J'acquiesce rapidement. Je suis tout à fait d'accord.

  • Je sais que ça paraît risqué et hors limite. Je veux dire, personne a dû faire ça ici avant. Mais je pense que ça pourrait améliorer les conditions de vie de la prison. Je veux dire... Je sais que c'est étrange. Que personne d'autre voudrait faire ça, que c'est pas mon travail. C'est plutôt le vôtre, d'ailleurs. Mais je suis au contact des prisonniers, moi. Je pense que ça peut aboutir. Et commencer petit à petit me semble bien.
  • J'espère vraiment que vous savez ce que vous faites. C'est risqué pour vous de vous investir à ce point. Vous n'êtes pas entraîné pour ce genre de travail.
  • Je sais. Ça me fait m'investir beaucoup. Mais je saurai définir une limite. Comme je l'ai dit, on commence petit à petit. Avec un seul. Les autres suivront, s'ils en ont besoin. Je sais que certains essaieront. Les autres gardiens sont pas attentifs comme moi alors... Ouais. Je vous tiendrai au courant.
  • Jeudi.
  • Vendredi, je rectifie. J'ai changé la date. Et j'ai parlé du, du salaire avec le boss. Je demande rien de plus qu'une prime mensuelle symbolique pour l'instant.
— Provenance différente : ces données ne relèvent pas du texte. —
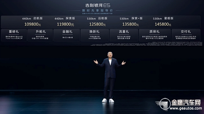 8月3日,吉利銀河系列首款純電SUV——“全球智享純電SUV”吉利銀河E5,在貴陽正式上市并將同步啟動首批車輛交付。新車共推出5個(gè)版型,限時(shí)先享指導(dǎo)價(jià)為10.98~14.58萬元,并推出豐厚的購車權(quán)益(僅限2024年10月1日前完成大定鎖單的用戶可享)。  發(fā)布會上,吉利汽車集團(tuán)CEO淦家閱發(fā)布吉利銀河全新價(jià)值主張“造每個(gè)人的智能精品車,為美好生活而來”。此舉意味著進(jìn)入新能源汽車大時(shí)代,吉利銀河基于“智能吉利2025”戰(zhàn)略成果,堅(jiān)持用更高的標(biāo)準(zhǔn),打造出高品質(zhì)的出行體驗(yàn),把美好生活帶給全球用戶。吉利銀河E5作為吉利協(xié)同全球研發(fā)能力,用全球化標(biāo)準(zhǔn)、全球化技術(shù),為全球用戶打造的高價(jià)值“智能精品車”,基于“五個(gè)第一”打造,將率先帶給全球A級純電SUV用戶買得安心、用得開心、開得放心、用得省心、坐得舒心的美好智能出行體驗(yàn),為用戶開啟長期價(jià)值。  同時(shí),淦家閱宣布吉利向行業(yè)開放新能源汽車隱藏式門把手解鎖的相關(guān)核心技術(shù),把這些關(guān)乎用戶安全的核心技術(shù)更多的分享到全行業(yè),共同推動新能源汽車的安全向上。 全球“年輕家庭第一純電SUV” “五個(gè)第一”成就A級純電市場的標(biāo)桿產(chǎn)品 一直以來,全球A級純電SUV市場都沒有一款讓消費(fèi)者都滿意的產(chǎn)品,造型、空間、智能、性能、節(jié)能等消費(fèi)者最關(guān)注的產(chǎn)品表現(xiàn),無法全部兼顧。吉利銀河E5作為吉利基于最強(qiáng)智能新能源體系力,為全球“進(jìn)階生活新E代”群體打造的“六邊形戰(zhàn)士”,擁有安全標(biāo)準(zhǔn)同級第一、空間體驗(yàn)同級第一、舒適駕控同級第一、整車能耗同級第一、智能座艙同級第一的全能表現(xiàn),讓全球年輕家庭都可以擁有安心、開心、放心、省心、舒心的智能新能源精品出行體驗(yàn)。  造型融合全球?qū)徝篮蜄|方文化 內(nèi)飾主張“舒服出行” 吉利銀河E5以全球共性審美和需求為思考原點(diǎn),以全球各時(shí)區(qū)的都市生活為靈感,帶來霞光紅、流光銀、曙光白,以及消費(fèi)者呼聲很高的午夜黑、極夜青等8種極富想象空間的唯美車身色。同時(shí),銀河E5從中國瓷器汲取設(shè)計(jì)靈感,將全球?qū)徝篮蜄|方文化完美融合,前臉保留品牌超級符號“光之漣漪”,并采用虎式前臉、旭日東升貫穿式尾燈、飛檐虎式前大燈等廣受好評的設(shè)計(jì)元素,以全新設(shè)計(jì)的靈動型面,描繪出“氣韻生動”的視覺體驗(yàn)。  銀河E5的座艙堅(jiān)持“以人為本”的設(shè)計(jì),添翼副儀表臺采用致敬中國太師椅的全新挑高設(shè)計(jì),支撐性更強(qiáng),出行體驗(yàn)更舒適;256色炫彩背照式氛圍燈不僅可跟隨駕駛模式切換燈效,停車開門時(shí),若后方有車輛或行人靠近,門板氛圍燈甚至?xí)瞄W爍的紅色進(jìn)行提醒。

Je veux voir si ça marche, mon but est pas financier.

Il hoche la tête. Ses yeux semblent me sonder.

  • Vendredi. Au café Saint-Pierre.
  • C'est un rendez-vous ? je déconne.
  • Soyez là, il sourit. On en a fini pour aujourd'hui.

Je me relève et lui tends la main.

  • Vendredi. Café Saint-Pierre, onze heures et quart, je répète.
  • Exactement.

Il la serre fermement et me fait signe de m'en aller.
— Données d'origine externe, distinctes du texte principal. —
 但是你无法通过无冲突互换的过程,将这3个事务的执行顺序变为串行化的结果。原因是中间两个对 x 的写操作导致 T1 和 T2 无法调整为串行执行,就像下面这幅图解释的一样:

Je repars tranquillement. Le rendez-vous a pas duré plus d'une demi-heure finalement. Je me demande si j'aurai le temps de voir Twist avant qu'il aille bosser. Ils sont déjà partis, normalement. En plus, je suis pas vraiment censé rester dans la prison, comme je suis pas en service. Je lui laisserai un mot. En arrivant à sa cellule, je peux rapidement constater qu'il est effectivement parti. J'hésite. Est-ce que je peux le rejoindre rapidement à la ferme ? J'en ai pas vraiment le droit. Je reste dans le couloir quelques secondes, je réfléchis.

Finalement, je me dis que c'est trop dangereux ; certains pourraient vraiment se douter de quelque chose. Je dépose un petit mot et je m'en vais en catimini.

Une fois sur le parking, je reprends ma voiture de location - la mienne est toujours au garage. Lucie m'appelle au même moment ; elle veut qu'on se rejoigne en ville. Et c'est parti : je sens bien que je vais me taper une après-midi shopping ; mais c'est elle qui portera ses sacs.